Their fossils date back to the early Pleistocene, with extant representatives in southern Europe, North Africa and Arabia, and across Asia in Pakistan to Tibet and western China.

==Taxonomy==
The genus Alectoris was introduced in 1829 by German naturalist Johann Jakob Kaup to accommodate a single species Perdrix petrosa, a junior synonym of Perdix barbara Bonnaterre, 1790, the Barbary partridge, which is therefore the type species by monotypy. The genus name is from Ancient Greek αλεκτορις/alektoris, αλεκτοριδος/alektoridos meaning "hen" or "chicken".

==Description==
These are non-migratory birds of dry, open and often hilly country. They nest in a scantily lined ground scrape laying up to 20 eggs. They feed on a wide variety of seeds and vegetation. Ants are a very important source of nutrition for the birds as are pine nuts, juniper berries and lichens.

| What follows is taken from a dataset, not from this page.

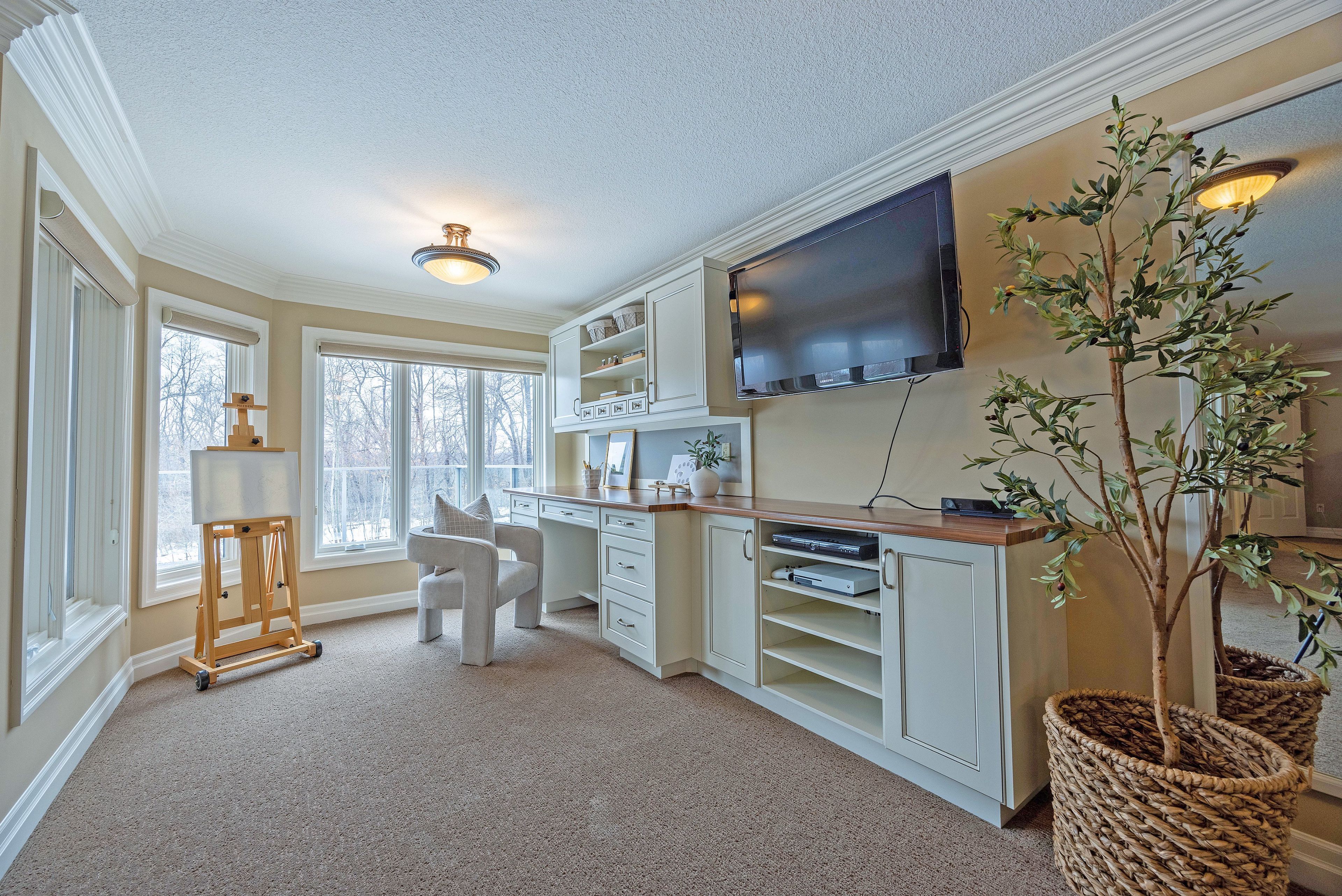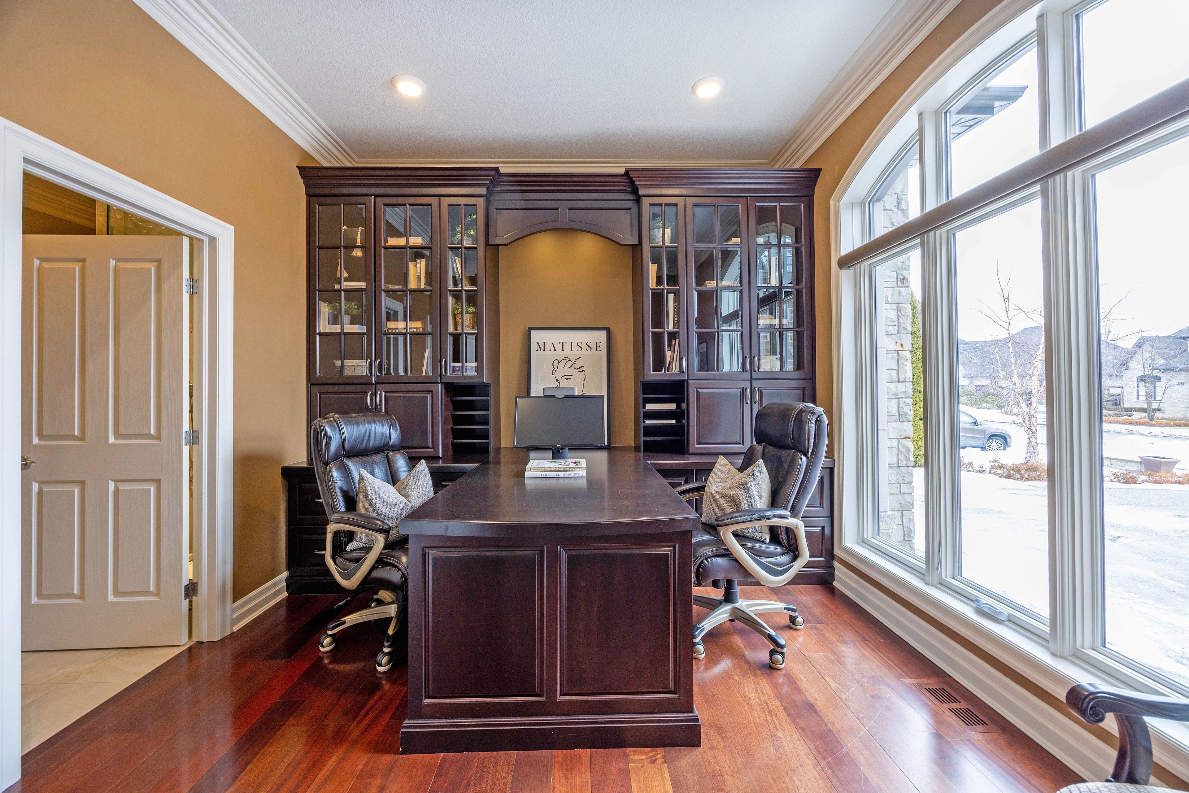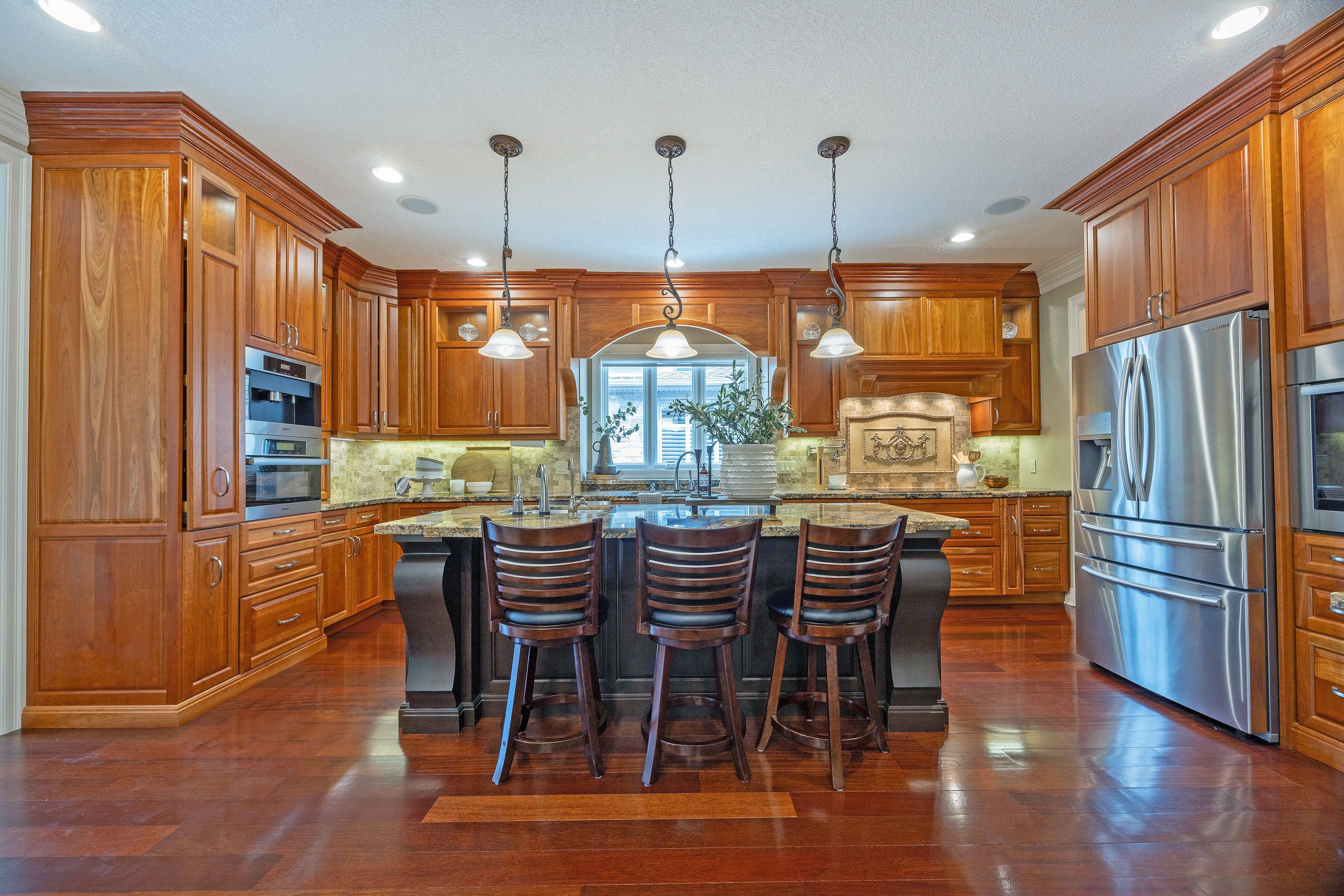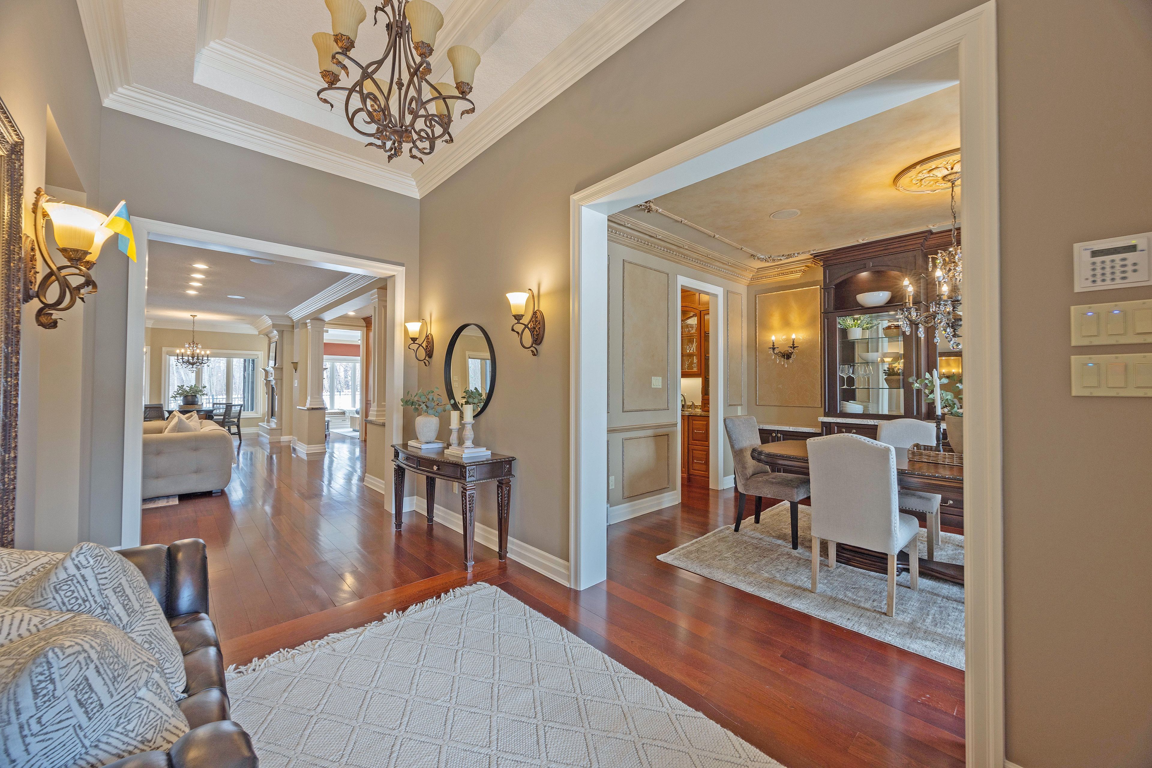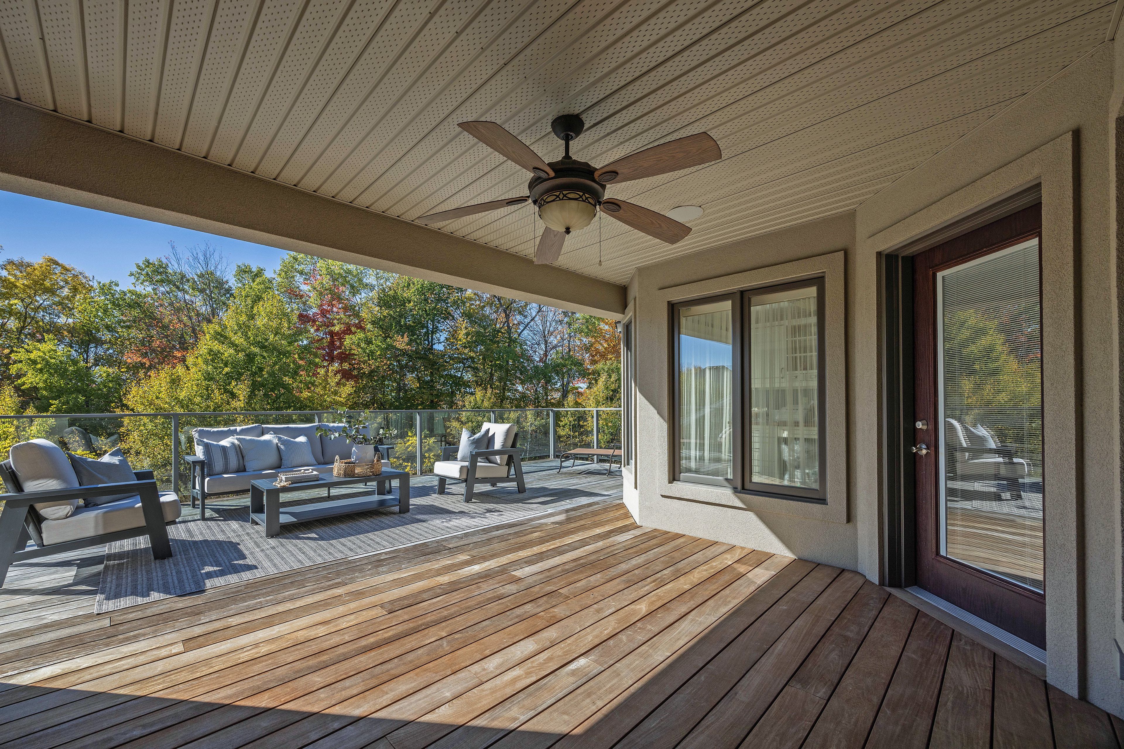 This stone residence, backing onto serene woods, offers privacy and an extraordinary outdoor living space. The incredible screened room, overlooking the gardens and woods, is a true showpiece-complete with built-in BBQ, granite counters, hot tub, and a 3-piece bath. Custom interior features include built-in cabinetry, integrated sound system, Swarovski chandeliers, plaster mouldings, a wood-burning fireplace and striking double-sided gas fireplace. Heated floors in the bathrooms and laundry room. The main-floor primary suite features an ensuite, custom walk-through closet, and convenient access to the laundry room with built-in ironing board and exceptional storage. Kitchen features a granite island, induction cooktop, wine fridge, and butler's pantry connecting to the dining room. A main-floor office-easily a third bedroom-offers a built-in desk, generous closet, and cheater ensuite. Second main floor bedroom features walk-in closet and ensuite. Upstairs, a custom-designed loft provides remarkable flexibility for a home gym, media lounge, or hobby space, complete with a 3-piece bath and access to a large covered upper deck with exterior storage. The lower level is designed with versatility in mind, offering the potential for a private suite with bedroom, 4pc bath, kitchen, family room, movie area, roughed-in laundry, and separate entrance to the garage. A rare offering that seamlessly blends luxury, functionality, and one-of-a-kind design backing onto spectacular woods.

As is typical of many galliform birds, Alectoris partridges are relatively round-bodied and small-headed. They typically have a light brown or grey back, grey breast, buff belly, and barred flanks. Several species have a whitish throat with a black border. Their specialized flank coverts give them the appearance of being more rotund than they actually are. Their legs are red, with well-developed, ball-peen hammer-like spurs. When disturbed they run very rapidly, often uphill, taking to the wing if pressed. Their wings are long and fairly sharp, shaped rather like those of ptarmigan and spruce grouse, suggesting that the birds sustain themselves in flight over substantial distances to find food. This probably occurs most often during winter.

==Introduced species and hybridisation==
Some members of the genus, notably the chukar and red-legged partridge, have been introduced to many locations outside their natural range; there are now established populations of chukar in western North America, Hawaii, and the South Island of New Zealand, and of red-legged partridge in the United Kingdom, the Azores, Madeira, and the Canary Islands.

The chukar readily interbreeds with the red-legged partridge and rock partridge. The practice of breeding and releasing captive-bred chukar and hybrids between chukar and red-legged partridge has been banned in the United Kingdom, as it is a threat to red-legged partridge populations.

==Species==
The genus contains seven extant species:

| Image | Common name | Scientific name | Distribution |
|---|---|---|---|
|  | Barbary partridge | Alectoris barbara | North Africa, and is also native to Gibraltar and the Canary Islands |
|  | Arabian partridge | Alectoris melanocephala | southern Saudi Arabia, Yemen and western Oman. |
|  | Red-legged partridge | Alectoris rufa | Iberian Peninsula, France, Italy and Balearic Islands |
|  | Chukar partridge | Alectoris chukar | Cyprus, Jordan, Israel, Palestine, Lebanon, Syria, Turkey, Iraq, Iran, Uzbekistan, Afghanistan, Tajikistan, Pakistan and India |
|  | Rock partridge | Alectoris graeca | Serbia, Albania, Italy, and France to Greece and Bulgaria |
|  | Philby's partridge | Alectoris philbyi | Saudi Arabia and Yemen |
|  | Przevalski's partridge | Alectoris magna | China (Gansu, Qinghai) |

Two prehistoric species are known from fossils:

- A. peii Hou, 1982 China
- A. baryosefi Tchernov, 1980 Early Pleistocene of El-`Ubeidiya (Jordan valley), Israel.